There were six guards at the archway, and they looked considerably more alert and efficient than the ones who guarded the passage from the docks. There was also a group of other people ahead of Sabriel and Touchstone waiting to be let through. Nine men, all with the marks of violence written in their expressions, in the way they spoke and moved. Every one was armed, with weapons ranging from daggers to a broad-bladed axe. Most of them also carried bows—short, deeply curved bows, slung on their backs.
“Who
are these people?” Sabriel asked Touchstone. “Why are they going out into the Dead part of the city?”
“Scavengers,” replied Touchstone. “Some of the people I spoke to last night mentioned them. Parts of the city were abandoned to the Dead very quickly, so there is still plenty of loot to be found. A risky business, I think . . .”

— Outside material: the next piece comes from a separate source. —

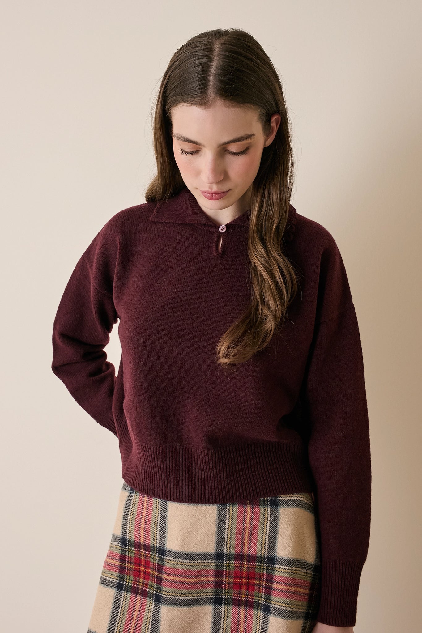 Polo in lana e cashmere con colletto smerlato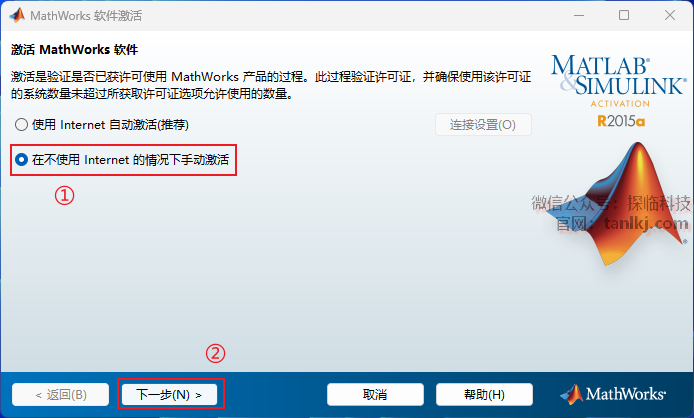 ①勾选【不使用Internet手动激活】;

Sabriel nodded thoughtfully and looked back at the men, most of whom were sitting or squatting by the aqueduct wall. Some of them looked back at her, rather suspiciously. For a moment, she thought they’d seen the bells under her cloak and recognized her as a necromancer, then she realized that she and Touchstone probably looked like rival scavengers. After all, who else would want to leave the protection of swift water? She felt a bit like a hard-bitten scavenger. Even freshly cleaned and scrubbed, her clothes and armor were not the sweetest items of wear. They were also still slightly damp, and the boat cloak that covered her up was on the borderline between damp and wet, because it hadn’t been hung up properly after washing. On the positive side, everything had the scent of lemon, for the Sign of Three Lemons washerfolk used lemon-scented soap.
Sabriel thought the scavengers had been waiting for the guards, but clearly they had been waiting for something else, which they’d suddenly sighted behind her. The sitting or squatting men picked themselves up, grumbling and cursing, and shuffled together into something resembling a line.
Sabriel looked over her shoulder to see what they saw—and froze. For coming towards the arch were two men, and about twenty children; children of all ages between six and sixteen. The men had the same look as the other scavengers, and carried long, four-tongued whips. The children were manacled at the ankles, the manacles fastened to a long central chain. One man held the chain, leading the children down the middle of the road. The other followed behind, plying the air above the small bodies idly with his whip, the four tongues occasionally licking against an ear or the top of a small head.